Antenna diversity is widely employed in base station receivers to improve uplink performance. The redundancy that is provided by the multiple antennas can be utilized in a variety of interference suppression techniques of varying complexity.
For example, in the 3GPP standard long term evolution (LTE) single-carrier frequency-division multiple access (SC-FDMA) is utilized as the uplink access technology and frequency domain equalization (FDE) is a necessary receiving technique in SC-FDMA to mitigate the interference caused by multi-path propagation. One type of receiver used for this purpose is the so-called interference-rejection-combining (IRC) receiver. In an IRC receiver, linear minimum mean square error (MMSE) antenna combining is performed in the frequency domain followed by frequency domain equalization.

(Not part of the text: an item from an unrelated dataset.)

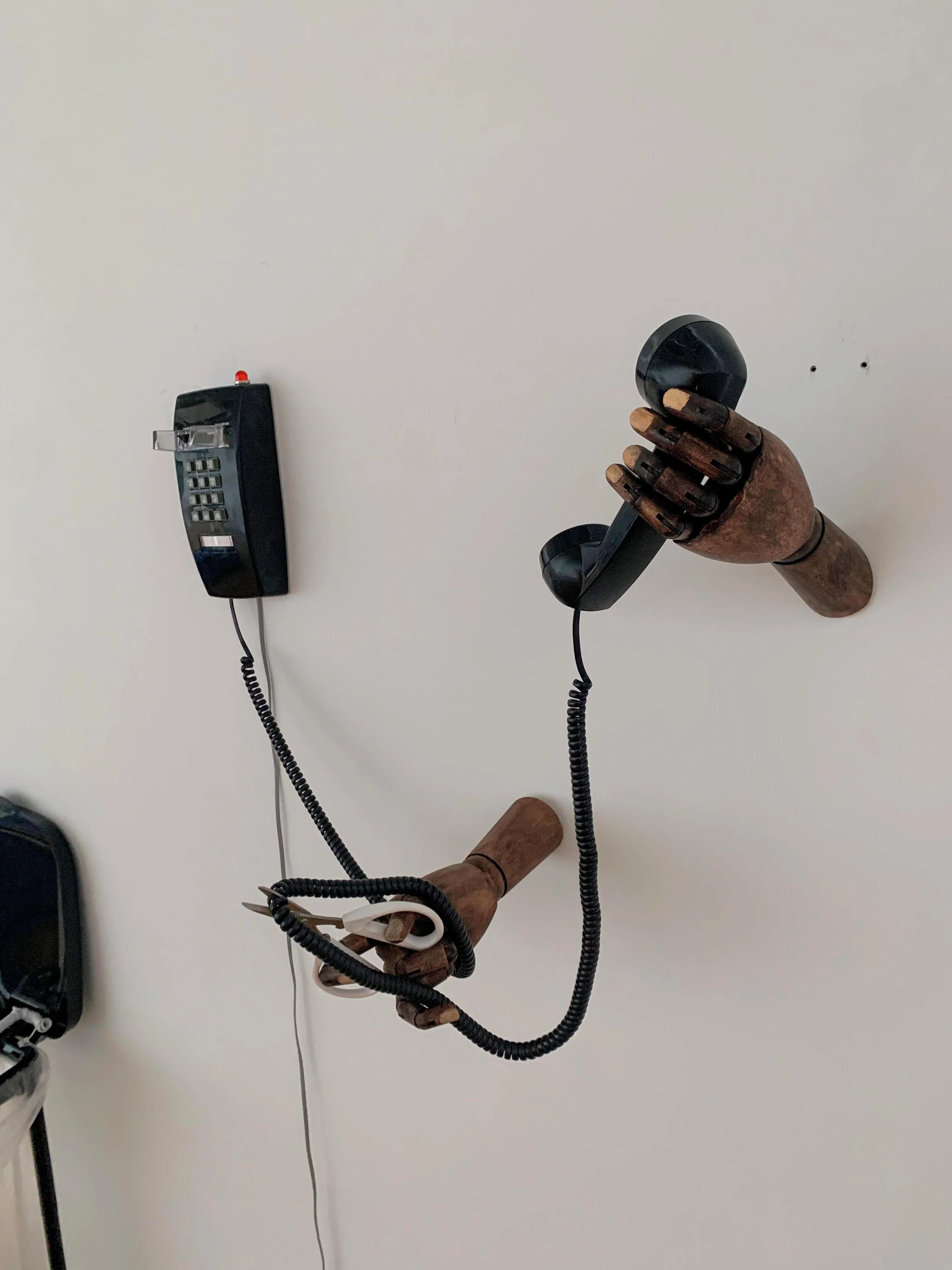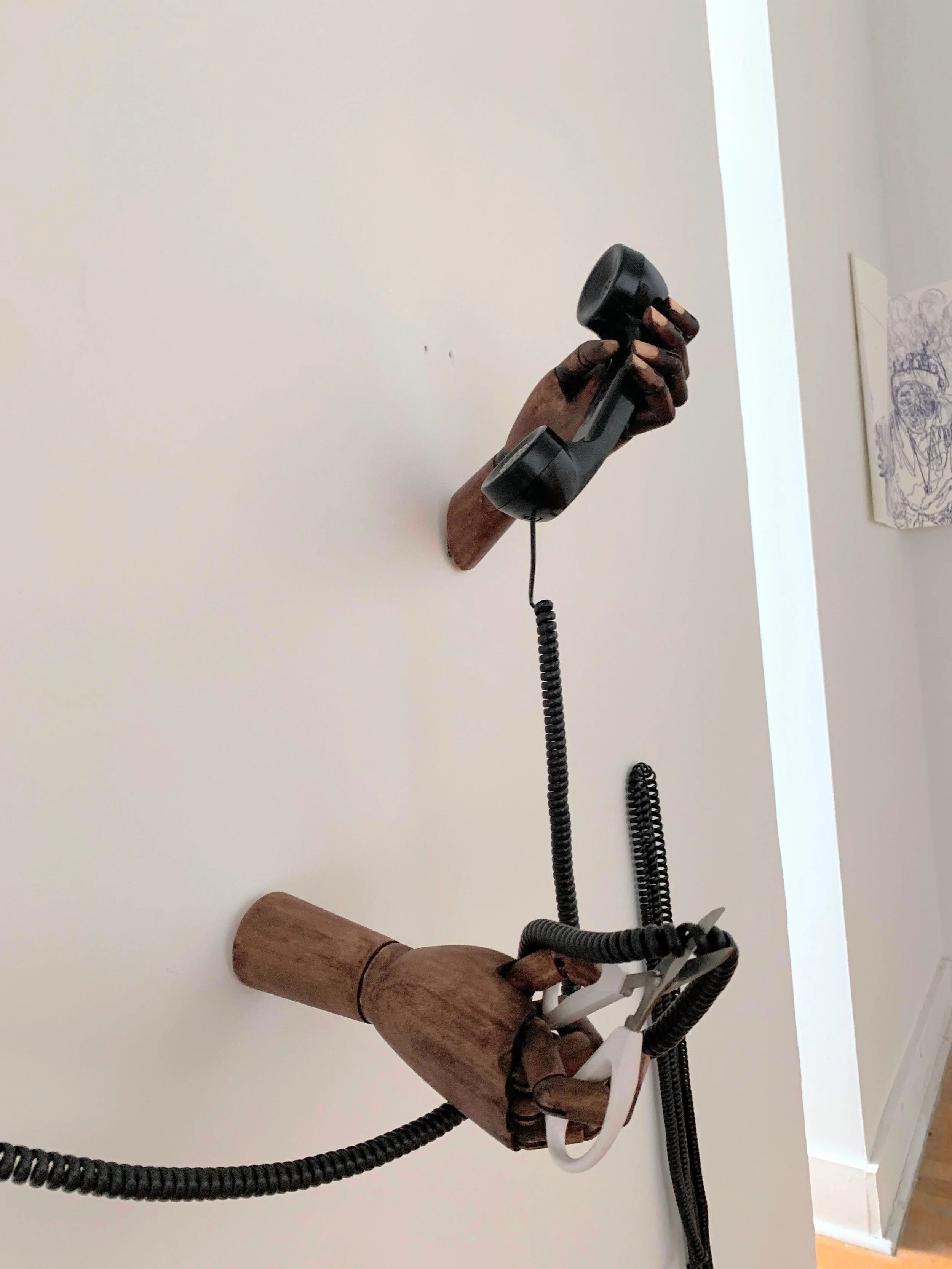 I aim to give a glimpse of the reality of psychiatric treatment as both the patient and the observer. This exploration of self references surrealism and uses object-relational theory to add layers of meaning and identity to the objects that surround me. “Li Dreams” references a bed, but has dead sunflower stalks growing from a transparent pillowcase filled with stained cotton. In “A Call for Help” one hand holds the phone to make a call while the other one poises scissors to cut the cord. Each work shows a piece of a treatment experience that literally overwhelms life as it was formerly known. The collection is a look at the effects of psychiatric norms on everyday life, grounded in an ungrounded sense of self.

In some more detail, as the skilled person will realize, in order to perform linear MMSE antenna combining, impairment co-variance is estimated on each sub-carrier in addition to the channel estimation. The basic impairment covariance estimate can be based on channel estimates for a number of sub-carriers, typically one resource block (RB). Averaging of multiple basic covariance estimates can be performed to reduce the impact of noise further. Then the inverse matrix of impairment co-variance is used for each sub-carrier to calculate weights for use in MMSE antenna combining.
In the prior art, impairment co-variance estimation is typically performed by averaging the basic co-variance estimate over a set of sub-carriers, say 12 sub-carriers in one RB. It is a relatively simple process and it works reasonably well with 2-antenna reception. However the performance gap from an ideal IRC receiver is too large, as will be illustrated in further detail below, if the number of receiving antennas are large, for example 8.
Furthermore, another issue with many IRC receivers in the prior art is the complexity of matrix inversion, especially when many receiving antennas are involved and large bandwidth is allocated. Needless to say, an 8×8 matrix inversion is much more complicated than a 2×2 matrix inversion.